Session Ready
Exercise

Combining data into one

Before manipulating the Yelp star reviews, you first need to combine the three data sets that were just explored so you can understand and adapt the data more effectively.

The data sets from the previous exercise, reviews, users, and businesses, are data frames, R's way of representing a data set. You can combine a data frame in many ways, but for this exercise you don't want any missing data, let's say a business without a review. So you will use the inner_join() function from the dplyr package to combine the three data sets. The function inner_join() combines two data sets by finding columns with identical labels and then only combining the rows that are found in both independent data sets.

Let's see how it works!

The 3 data frames are already loaded into your R environment. Apply inner_join() to the reviews and the users data sets first. Don't forget to name that newly combined data set. Next, apply inner_join() again but with the newly created data set and the final data set from the previous exercise businesses.

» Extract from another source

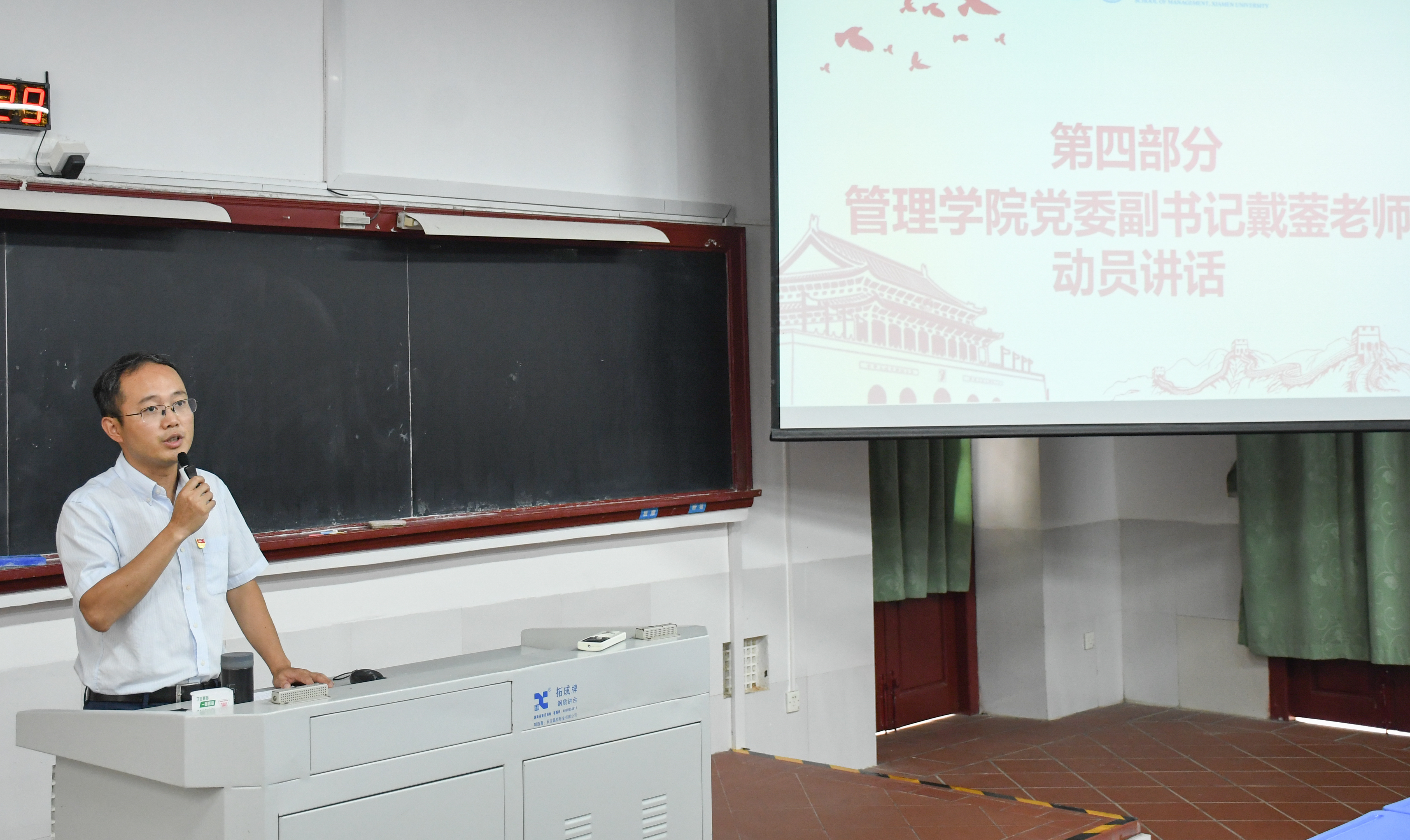 6月2日下午,管理学院2021年暑期社会实践启动仪式暨优秀实践团队经验分享会在群贤二102、105顺利举行,管理学院党委副书记郑碧娇、戴蓥,学院团委书记蒋超杰,学院团委副书记吴荣梅、周颖,辅导员邵亢邑、曹惠真、林麓,往届暑期社会实践优秀团队代表以及学院2020级全体本科生出席本次活动。

Once the data sets have been combined it can be helpful to explore the data some. Using summary you can get a better feel for the variables that are in out data and the types data you have to use.

Instructions
100 XP
  • The code provided uses library() to load dplyr to the environment
  • Use inner_join() to combine the reviews and users data sets and assign to ru.
  • Use inner_join() to combine the newly created ru and businesses data sets and assign new data frame to rub.
  • Inspect new data frame rub, take note of the variables and types of data.